**Data shown**.
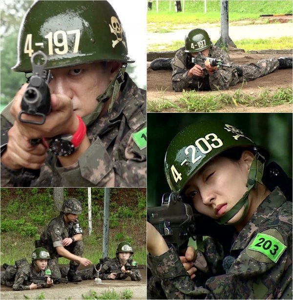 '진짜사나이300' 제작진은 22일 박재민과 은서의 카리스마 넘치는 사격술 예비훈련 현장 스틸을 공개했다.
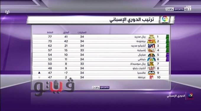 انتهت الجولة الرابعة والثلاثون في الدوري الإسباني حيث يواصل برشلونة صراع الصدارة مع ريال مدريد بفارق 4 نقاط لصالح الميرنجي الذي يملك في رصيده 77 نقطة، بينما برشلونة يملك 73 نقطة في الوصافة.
==
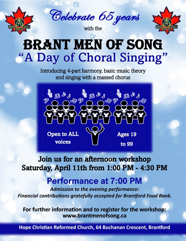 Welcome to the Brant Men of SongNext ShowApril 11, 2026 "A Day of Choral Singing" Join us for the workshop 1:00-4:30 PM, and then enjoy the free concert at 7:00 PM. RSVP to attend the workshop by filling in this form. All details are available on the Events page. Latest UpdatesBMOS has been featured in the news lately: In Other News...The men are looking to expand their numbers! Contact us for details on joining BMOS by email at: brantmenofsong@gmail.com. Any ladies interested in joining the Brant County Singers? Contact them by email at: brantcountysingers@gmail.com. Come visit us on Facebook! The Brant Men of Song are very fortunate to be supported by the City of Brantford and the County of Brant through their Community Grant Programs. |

**Required action**.
Reproduce exactly the lines above starting at the line containing "현장 스틸을 공개했다." and ending at the line containing "انتهت الجولة الرابعة", including both, but not the pictures.

**Task response**.
 '진짜사나이300' 제작진은 22일 박재민과 은서의 카리스마 넘치는 사격술 예비훈련 현장 스틸을 공개했다.
 انتهت الجولة الرابعة والثلاثون في الدوري الإسباني حيث يواصل برشلونة صراع الصدارة مع ريال مدريد بفارق 4 نقاط لصالح الميرنجي الذي يملك في رصيده 77 نقطة، بينما برشلونة يملك 73 نقطة في الوصافة.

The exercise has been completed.